[Data items]
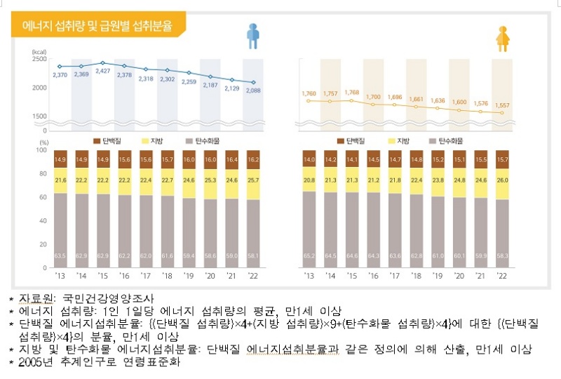에너지 섭취량은 전년과 유사한 수준이었고, 지방을 통한 에너지 섭취 분율은 남 1.1%p, 여 1.4%p 증가한 반면, 탄수화물을 통한 에너지 섭취 분율은 남 0.9%p, 여 1.6%p 감소했다.
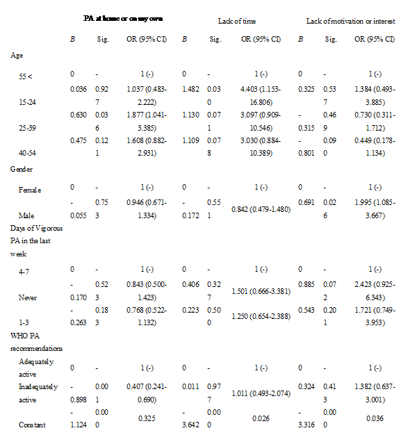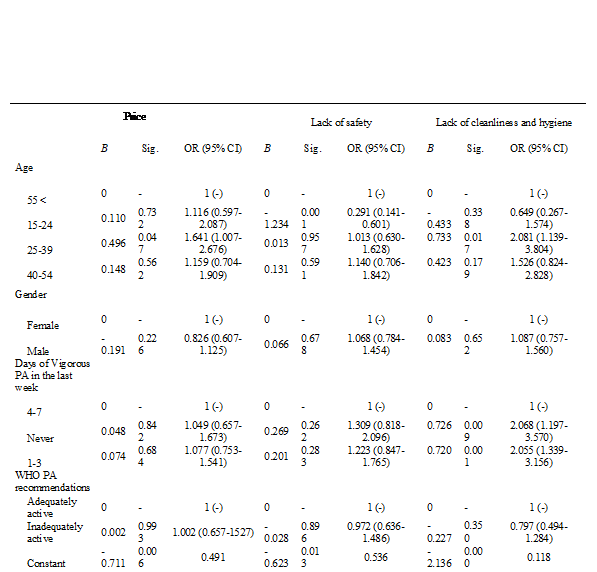 “Lack of safety” is less prevalent as a barrier in the youngest participants (15-24 years) [OR 0.29 (95% CI (0.14 - 0.60))], but it increases as we move along the age range. Interestingly, this is not replicated for “lack of cleanliness and hygiene”. In this case we find the young adults (25-39 years) are the group that has the barrier more present. In relation to levels of physical activity, this barrier is more prevalent amongst those less active, especially those who did not any PA in the previous week [OR 2.07 (95% CI (1.197 - 3.570))].
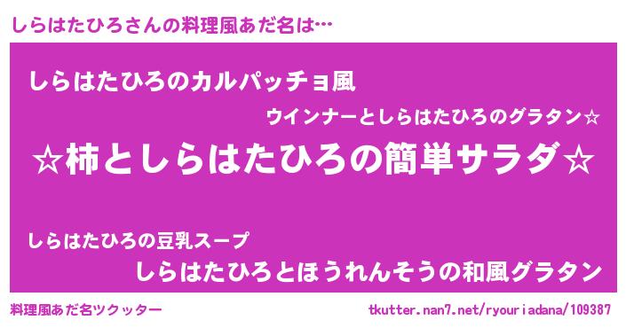 | 意味不明あだ名 | 『住所不定無職しらはたひろ(62歳)』 |
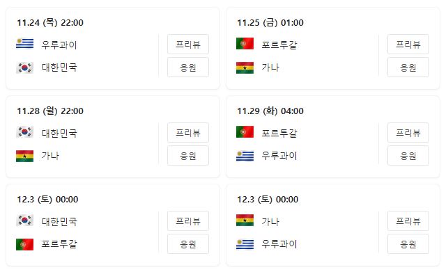 2022년 카타르 월드컵에서 우리 대한민국은 H조에 조편성이 되었고 포르투갈, 우루과이, 가나와 함께 같은 조에 배정되었습니다. H조에서 대한민국 경기는 이렇게 진행됩니다.
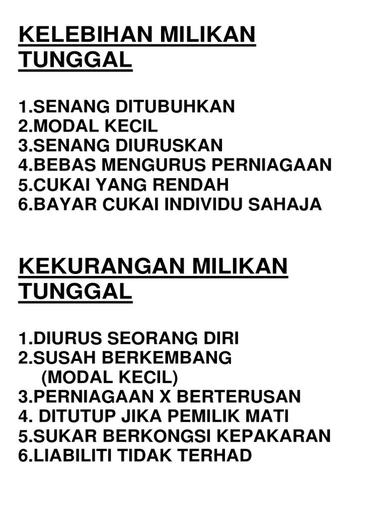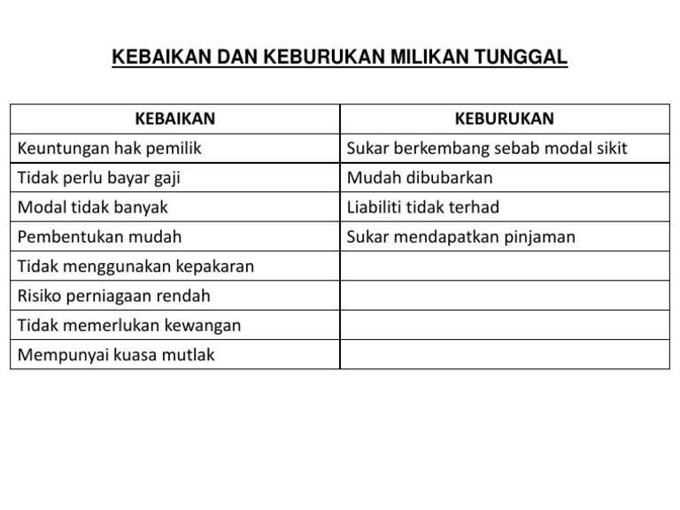Kelebihan perniagaan milikan tunggal. Liabiliti keuntungan yang diperolehi pemilik tunggal adalah tertakluk kepada kadar cukai pendapatan seseorang 1. Ciri ciri a milikan milikan tunggal dimiliki oleh seorang individu secara bersendirian. Jumlah modal yang dimiliki modal kecil pilih milikan tunggal 2. Oleh kerana ia adalah milik individu maka pemilik perniagaan mempunyai kuasa atau hak mutlak untuk mengawal perjalanan dan operasi perniagaannya sama ada dari segi keuntungan hutang dan juga bebanan perniagaan.
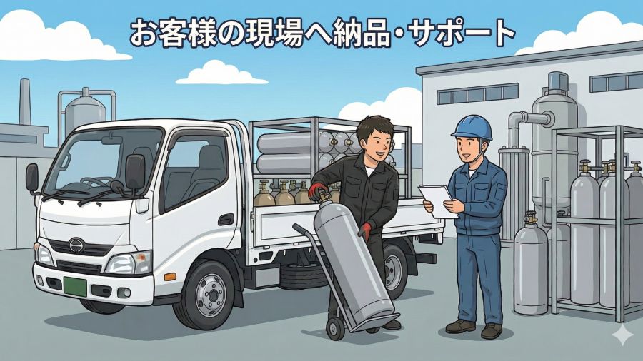 当社は、高圧ガスや溶接材料などを中心に取り扱う商社です。「商社」と聞くと難しく感じるかもしれませんが、役割はとてもシンプル。「地元企業のパートナーとして、必要なものを必要な時にお届けすること」です。
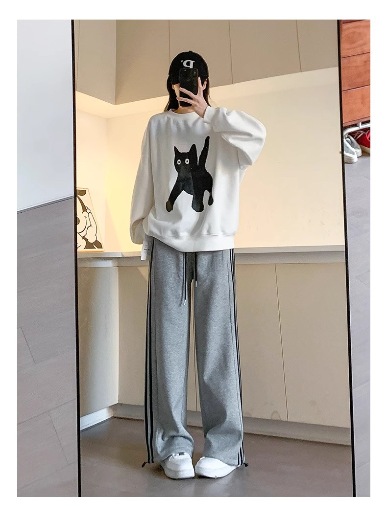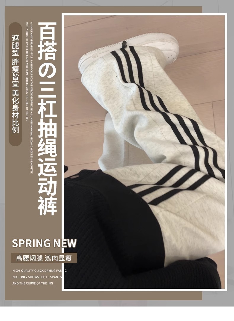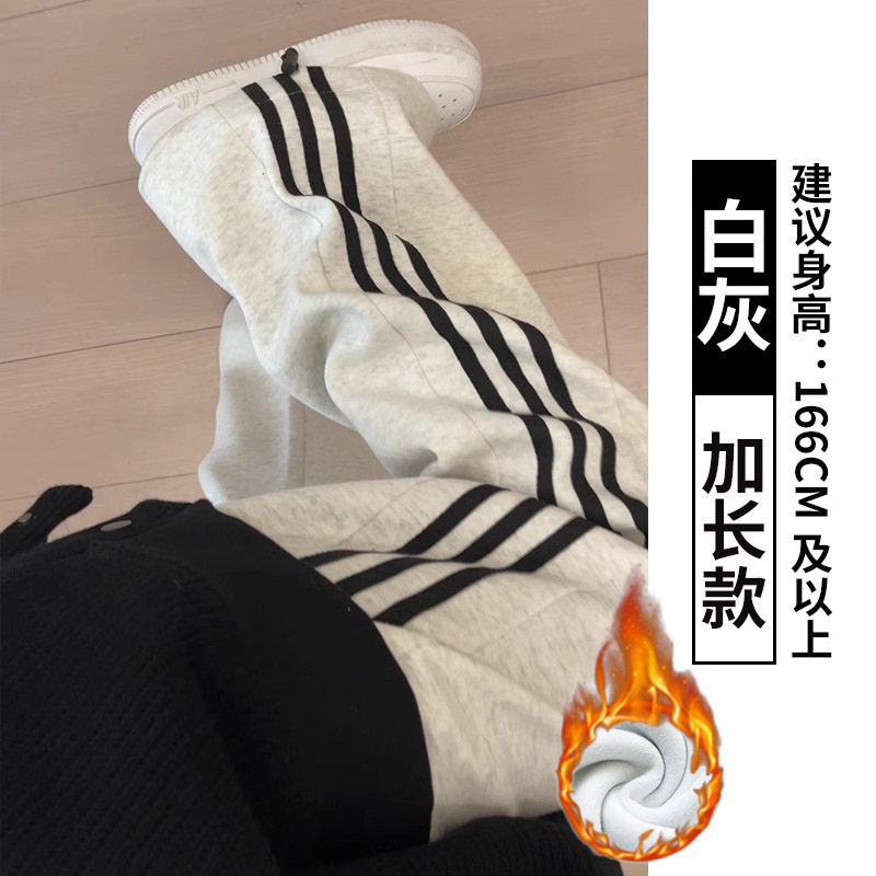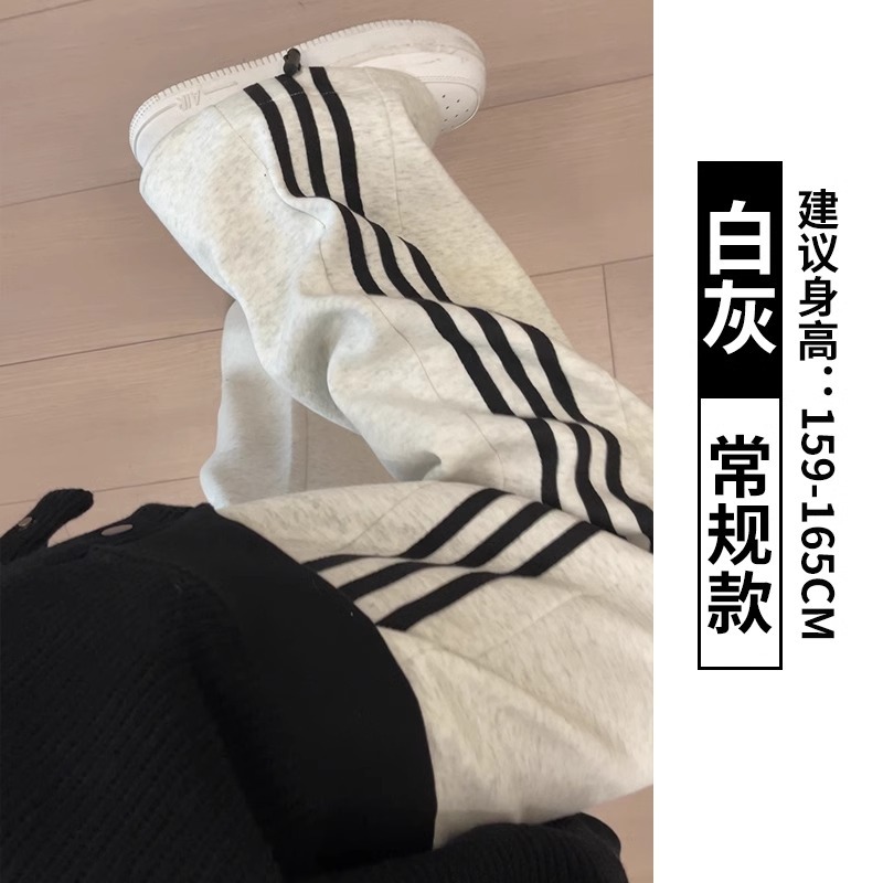 Женские толстые бело-серые спортивные штаны на флисовой подкладке, весна-осень, прямые широкие брюки для миниатюрных женщин, свободные полосатые джоггеры.
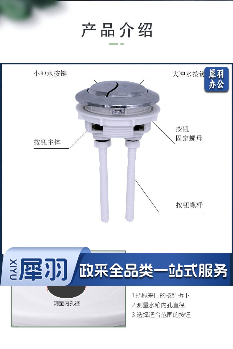 大号58mm 马桶水箱按钮圆形双按坐便器老式抽水马桶冲水按键通用开关配件

§ PROBLEM TO SOLVE: Repeat nothing but the lines from the one containing "(1.197 - 3.570))]." through the end of the entries, exactly, and skip the pictures.

§ EXERCISE RESULT:
 “Lack of safety” is less prevalent as a barrier in the youngest participants (15-24 years) [OR 0.29 (95% CI (0.14 - 0.60))], but it increases as we move along the age range. Interestingly, this is not replicated for “lack of cleanliness and hygiene”. In this case we find the young adults (25-39 years) are the group that has the barrier more present. In relation to levels of physical activity, this barrier is more prevalent amongst those less active, especially those who did not any PA in the previous week [OR 2.07 (95% CI (1.197 - 3.570))].
 | 意味不明あだ名 | 『住所不定無職しらはたひろ(62歳)』 |
 2022년 카타르 월드컵에서 우리 대한민국은 H조에 조편성이 되었고 포르투갈, 우루과이, 가나와 함께 같은 조에 배정되었습니다. H조에서 대한민국 경기는 이렇게 진행됩니다.
Kelebihan perniagaan milikan tunggal. Liabiliti keuntungan yang diperolehi pemilik tunggal adalah tertakluk kepada kadar cukai pendapatan seseorang 1. Ciri ciri a milikan milikan tunggal dimiliki oleh seorang individu secara bersendirian. Jumlah modal yang dimiliki modal kecil pilih milikan tunggal 2. Oleh kerana ia adalah milik individu maka pemilik perniagaan mempunyai kuasa atau hak mutlak untuk mengawal perjalanan dan operasi perniagaannya sama ada dari segi keuntungan hutang dan juga bebanan perniagaan.
 当社は、高圧ガスや溶接材料などを中心に取り扱う商社です。「商社」と聞くと難しく感じるかもしれませんが、役割はとてもシンプル。「地元企業のパートナーとして、必要なものを必要な時にお届けすること」です。
 Женские толстые бело-серые спортивные штаны на флисовой подкладке, весна-осень, прямые широкие брюки для миниатюрных женщин, свободные полосатые джоггеры.
 大号58mm 马桶水箱按钮圆形双按坐便器老式抽水马桶冲水按键通用开关配件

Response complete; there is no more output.